To address the ambiguities raised by inconsistent results among molecular genetic studies between the rs288326 (R200W) and rs7775 (R324G) variants of the FRZB gene and osteoarthritis (OA), we synthesized standardized data on hip, knee, and hand OA according to a common meta-analysis protocol. There were nine independent case-control studies that were candidates for performing an association analysis of the SNPs rs288326 and rs7775 in the FRZB locus of patients with OA at three joint sites. For SNP rs288326, the case and control sample sizes were 3,803 and 5,972 for hip OA, 2,305 and 2,514 for knee OA, and 2,761 and 1,463 for hand OA, respectively, and for SNP rs7775, the case and control sample sizes were 3,849 and 8,843 for hip OA, 2,315 and 2,506 for knee OA, and 2,796 and 1,456 for hand OA, respectively. Using a fixed-effect model, the summary effect for the T-allele of rs288326 was statistically significant in females with knee OA between patients and controls (Subtotal OR=1.24, 95% CI=1.01-1.53, Z=2.02, P=0.04), and an association trend was revealed for this SNP in females with hip OA (Subtotal OR=1.12, 95% CI=0.99-1.28, Z=1.75, P=0.08).
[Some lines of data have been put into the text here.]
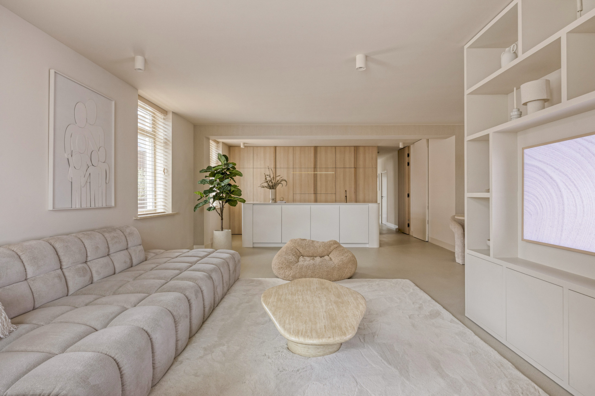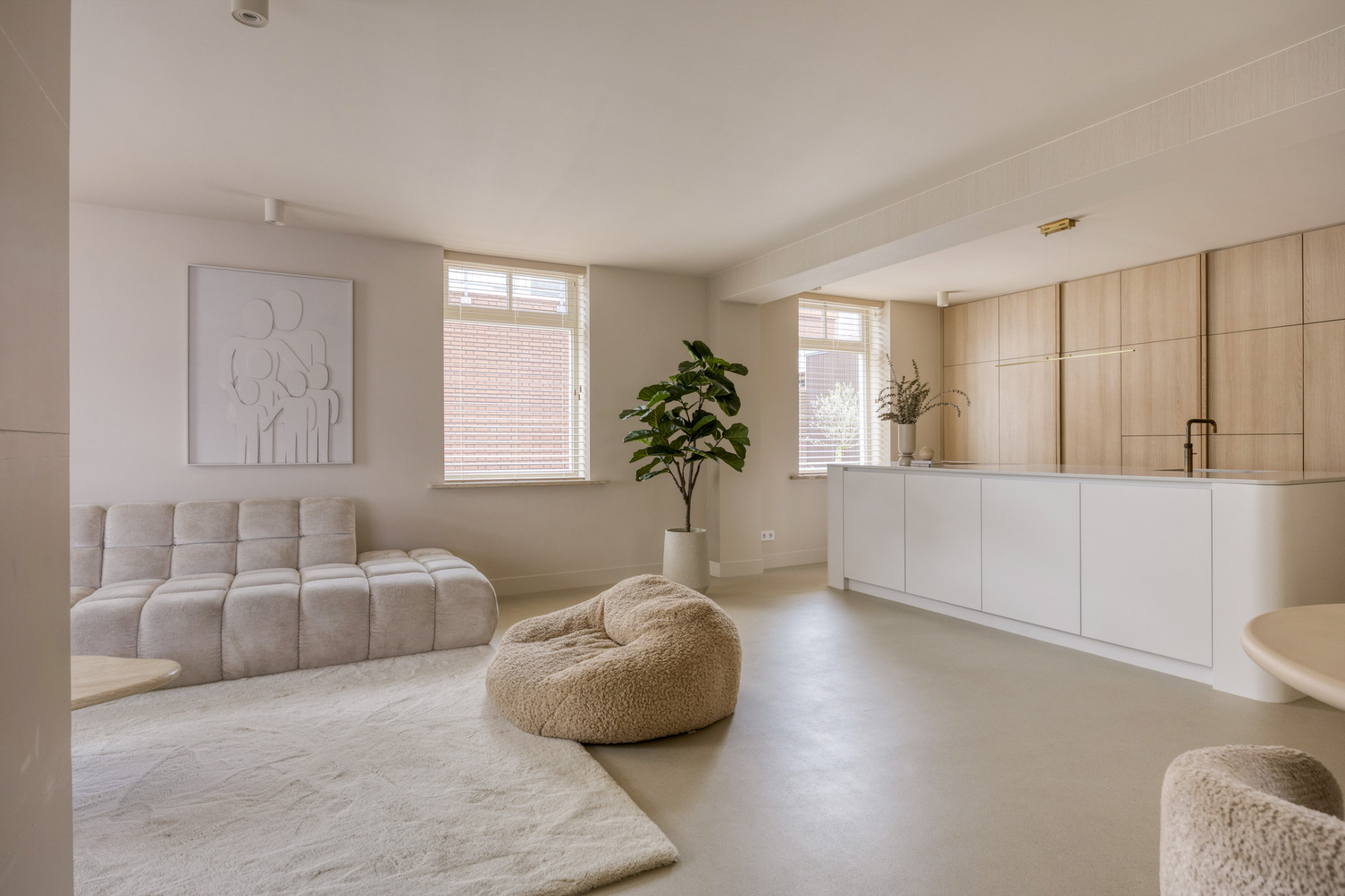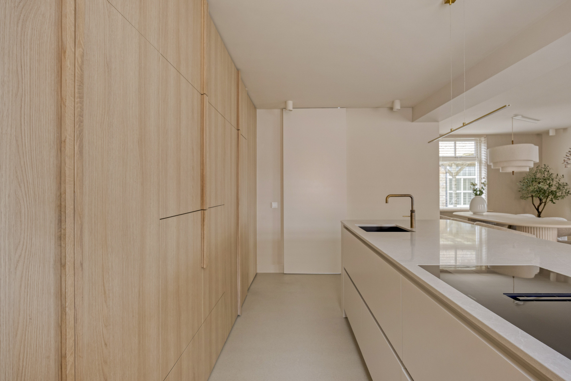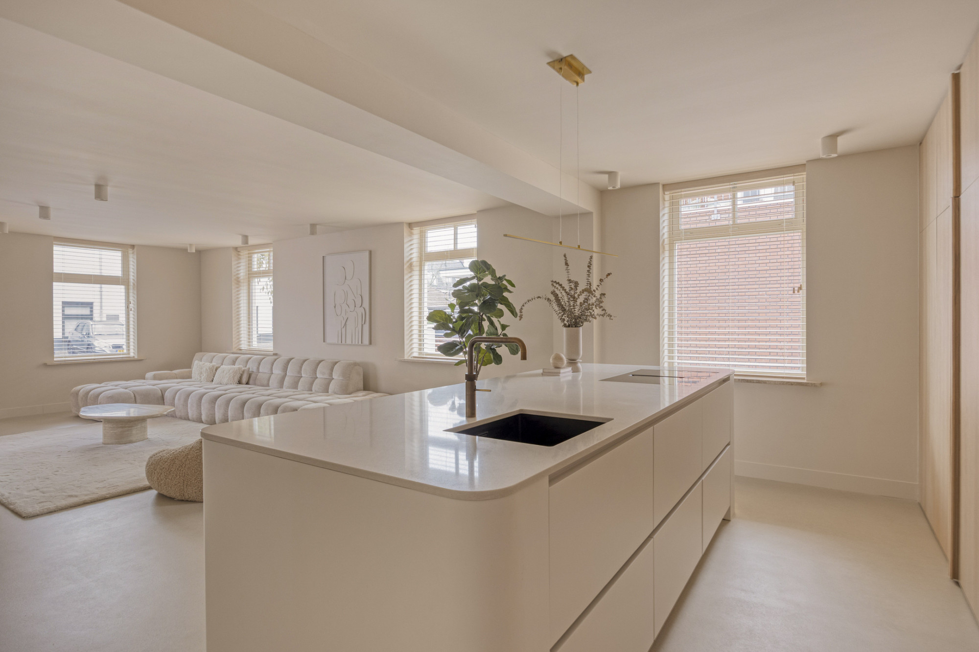 Bij binnenkomst ervaar je meteen de luxe uitstraling: een prachtige troffelvloer en fraaie details zetten de toon. De royale woonkamer is heerlijk licht dankzij de vele ramen en staat in verbinding met de open keuken. Deze keuken beschikt over moderne apparatuur, veel werk- en kastruimte en is een fijne plek voor een snelle maaltijd of uitgebreide diners. Alles is met oog voor detail afgewerkt en dat zie je ook terug in deze fantastische keuken.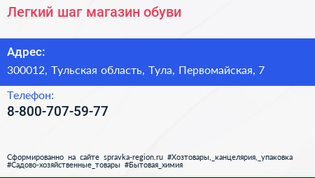 Легкий шаг, магазин обуви по адресу 300012, Тульская область, Тула, Первомайская, 7 в дальнейшем Организация, размещена в следующих категориях: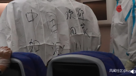 飛行中,廣播説“歡迎大家回到祖國,歡迎回家”。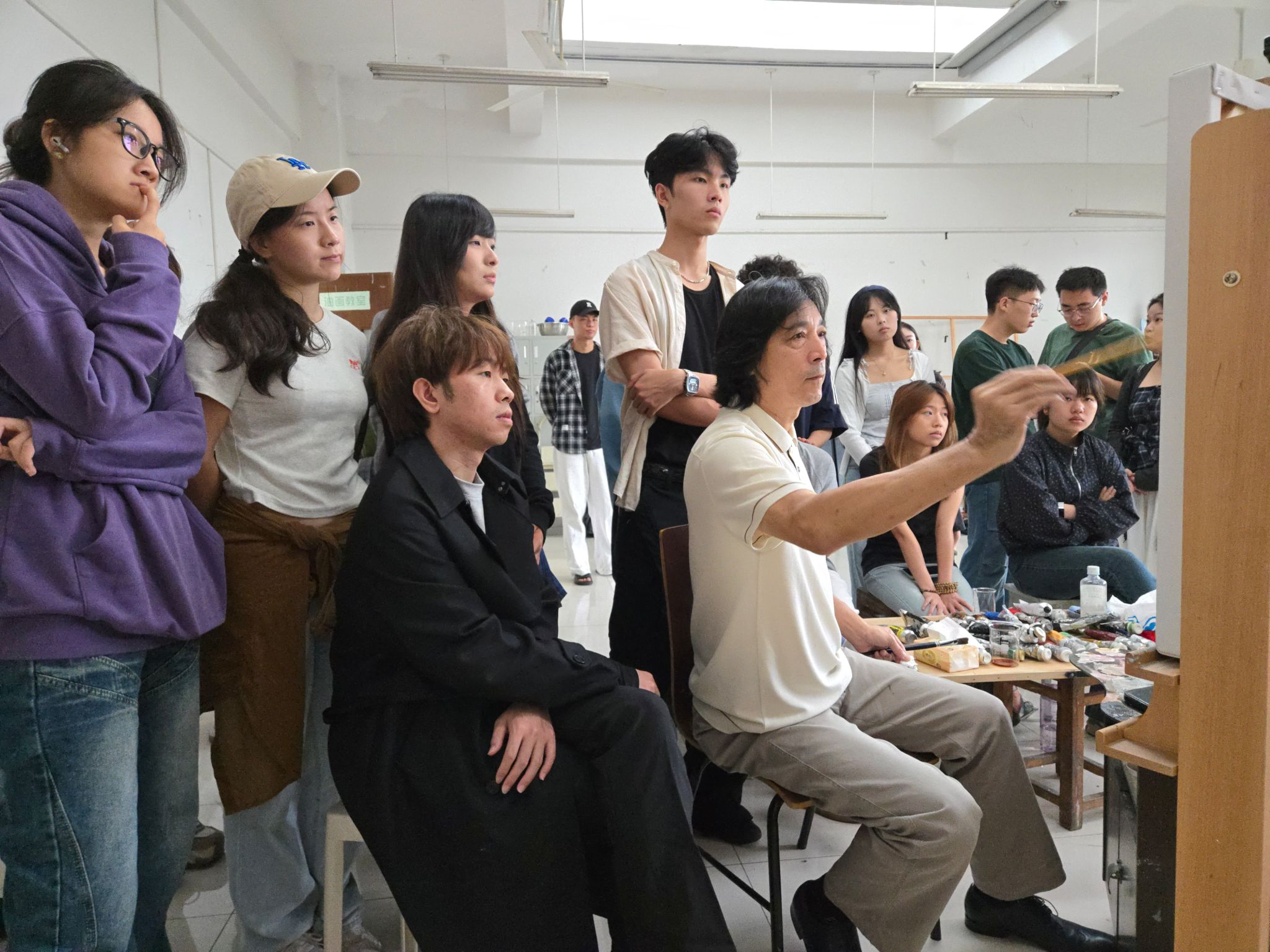 马刚教授以“油画人物写生”为核心,结合自身多年艺术实践与教学经验,从技法要点、创作思路、经验心得等多个维度展开分享。马刚教授通过现场示范,直观展示了油画人物写生的完整流程,细致讲解了写生中色彩调配、光影捕捉、人物神态刻画等关键环节的实操技巧,还结合过往经典写生案例,生动呈现了如何在创作中平衡写实与艺术表达,为在场师生提供了极具实用性的指导。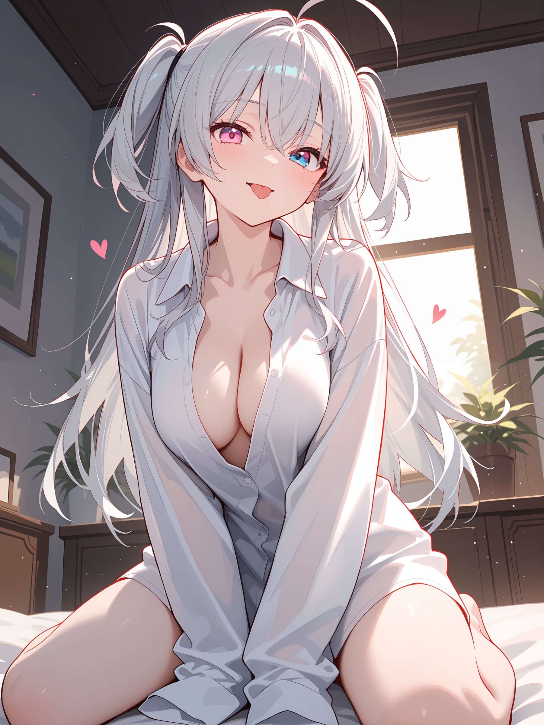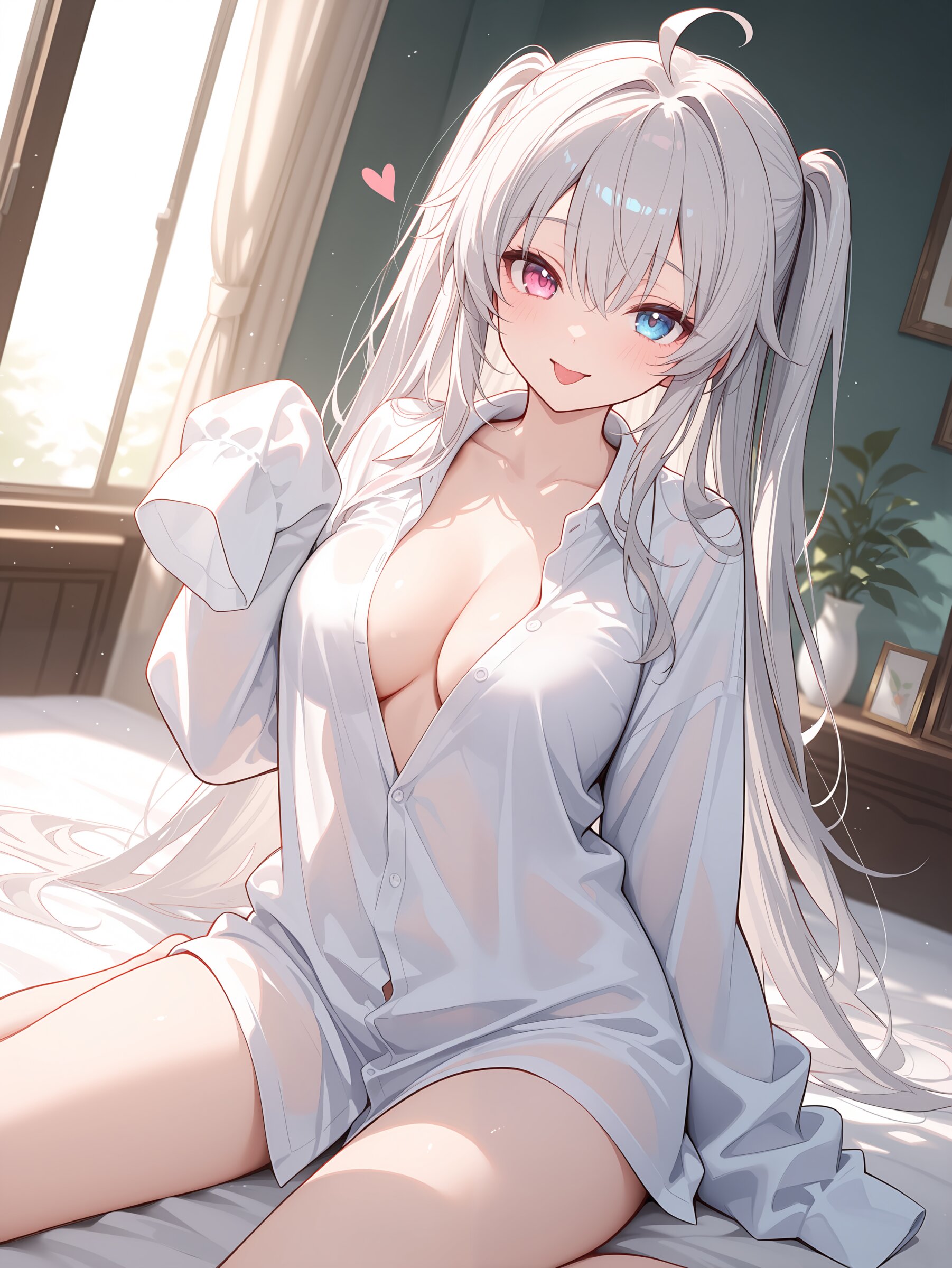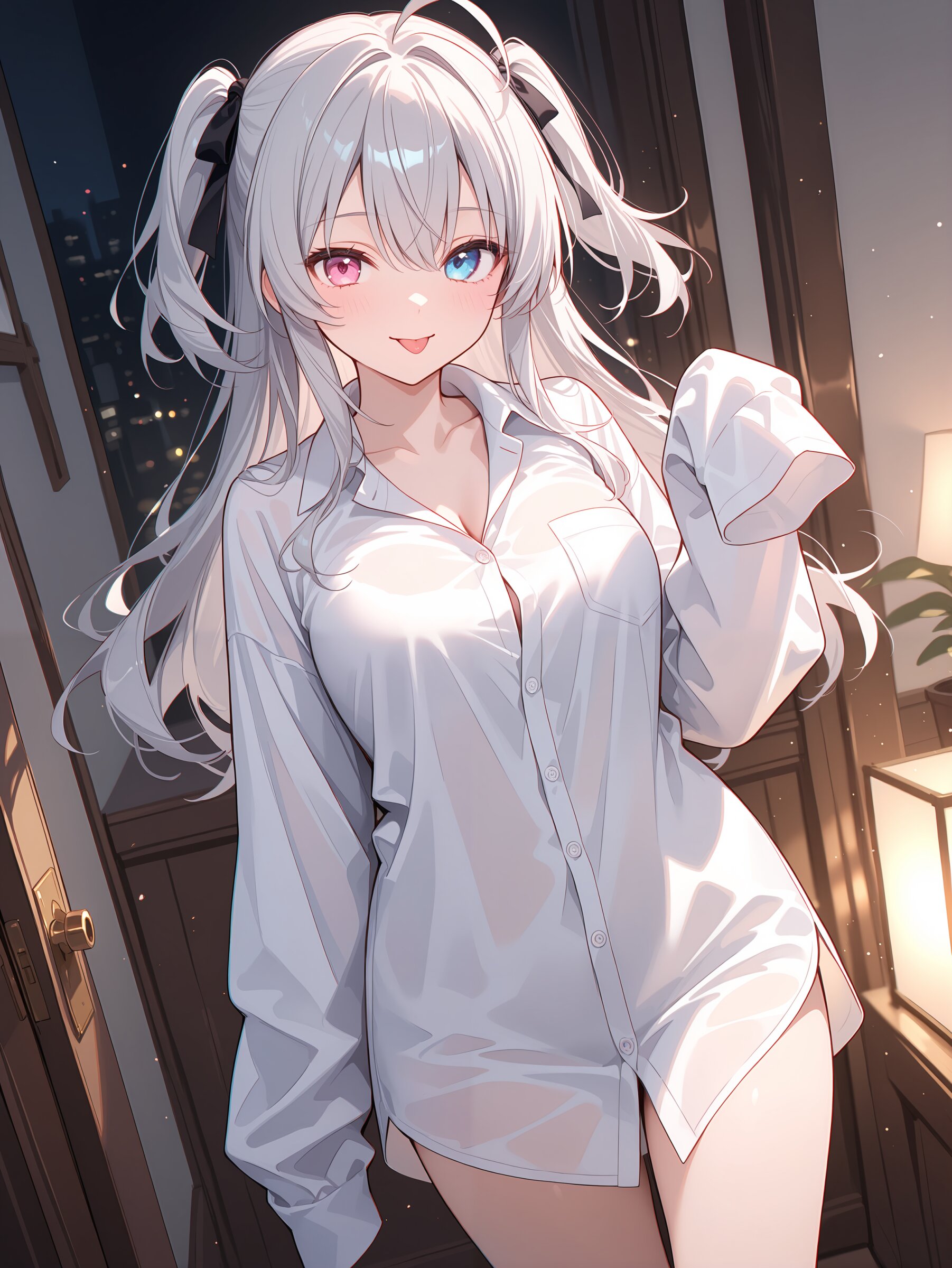 rating safe, medium large breasts,silver hair,long hair,two side up,ahoge,pink eyes,blue eyes,heterochromia,, collared shirt, oversized shirt, sleeves past fingers, long sleeves, in room,cinematic angle, little tongue, heart racing, ,masterpiece,best quality,intricate detail,absolutely resolution,8k,newest,hand-drawn style, sketch,

In summary, our study supports the hypothesis that FRZB may play a small but important role in the pathogenesis of OA in females, at least in females with hip OA or knee OA. Further gender-based studies are needed to elucidate the actual role of FRZB in the physiology of human bone and cartilage and in the pathogenesis of skeletal disorders.